- ABOUT THIS TASK -
Given the material below, return only the lines starting at the line with "أبرأ إلى كل" and ending at the line with "其实在 C++ 的 STL", exactly as they appear.

- THE DATA -
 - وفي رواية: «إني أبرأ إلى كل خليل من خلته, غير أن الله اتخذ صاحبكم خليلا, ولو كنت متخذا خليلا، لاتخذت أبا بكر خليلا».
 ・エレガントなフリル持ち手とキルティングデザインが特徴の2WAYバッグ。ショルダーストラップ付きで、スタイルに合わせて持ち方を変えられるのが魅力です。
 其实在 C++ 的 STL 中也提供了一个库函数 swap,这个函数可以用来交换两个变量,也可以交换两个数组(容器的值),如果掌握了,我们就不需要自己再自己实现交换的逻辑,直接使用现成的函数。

--

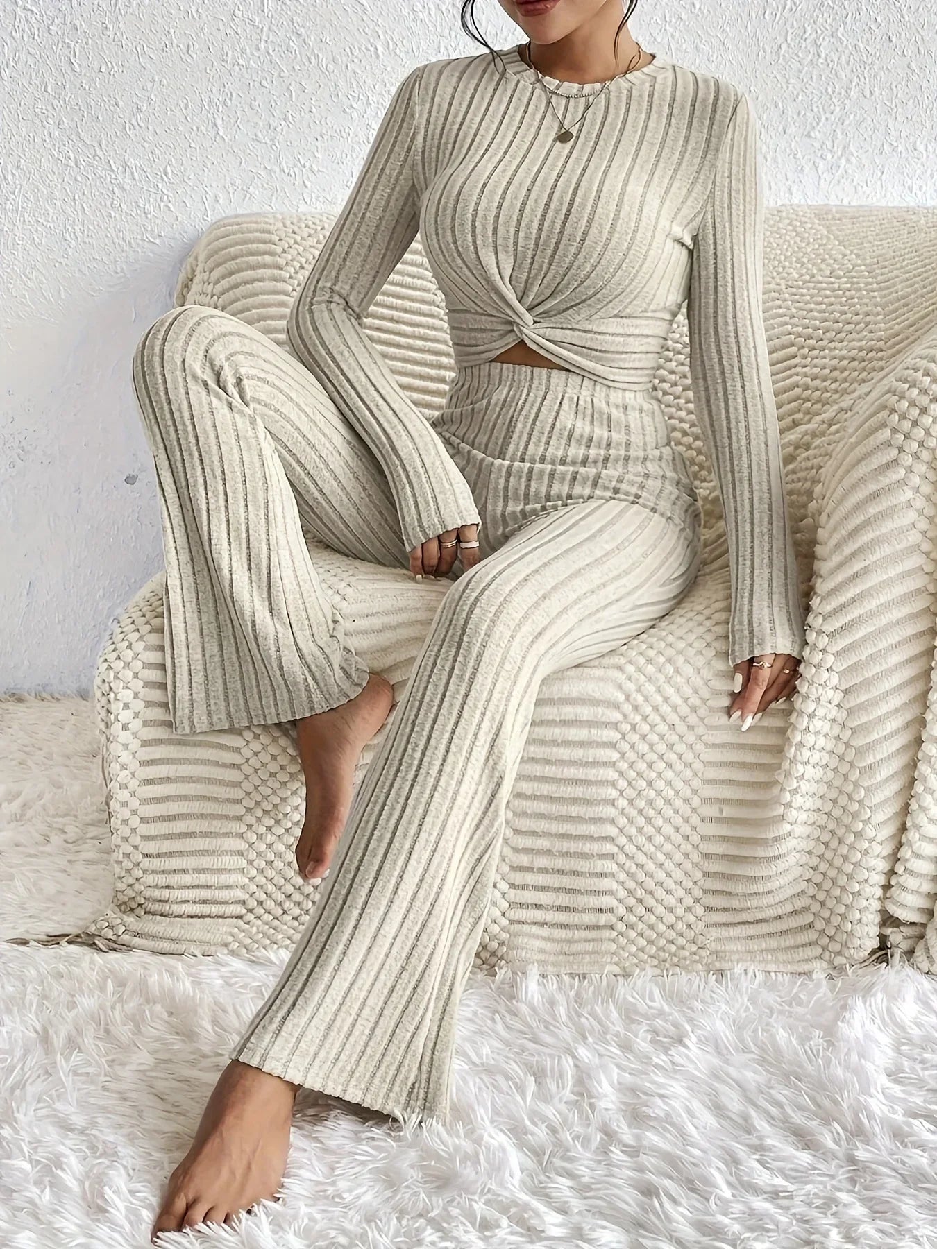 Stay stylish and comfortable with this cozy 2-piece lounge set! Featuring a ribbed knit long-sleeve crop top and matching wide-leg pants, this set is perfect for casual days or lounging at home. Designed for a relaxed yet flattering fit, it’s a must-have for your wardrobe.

- FINISHED TASK -
 - وفي رواية: «إني أبرأ إلى كل خليل من خلته, غير أن الله اتخذ صاحبكم خليلا, ولو كنت متخذا خليلا، لاتخذت أبا بكر خليلا».
 ・エレガントなフリル持ち手とキルティングデザインが特徴の2WAYバッグ。ショルダーストラップ付きで、スタイルに合わせて持ち方を変えられるのが魅力です。
 其实在 C++ 的 STL 中也提供了一个库函数 swap,这个函数可以用来交换两个变量,也可以交换两个数组(容器的值),如果掌握了,我们就不需要自己再自己实现交换的逻辑,直接使用现成的函数。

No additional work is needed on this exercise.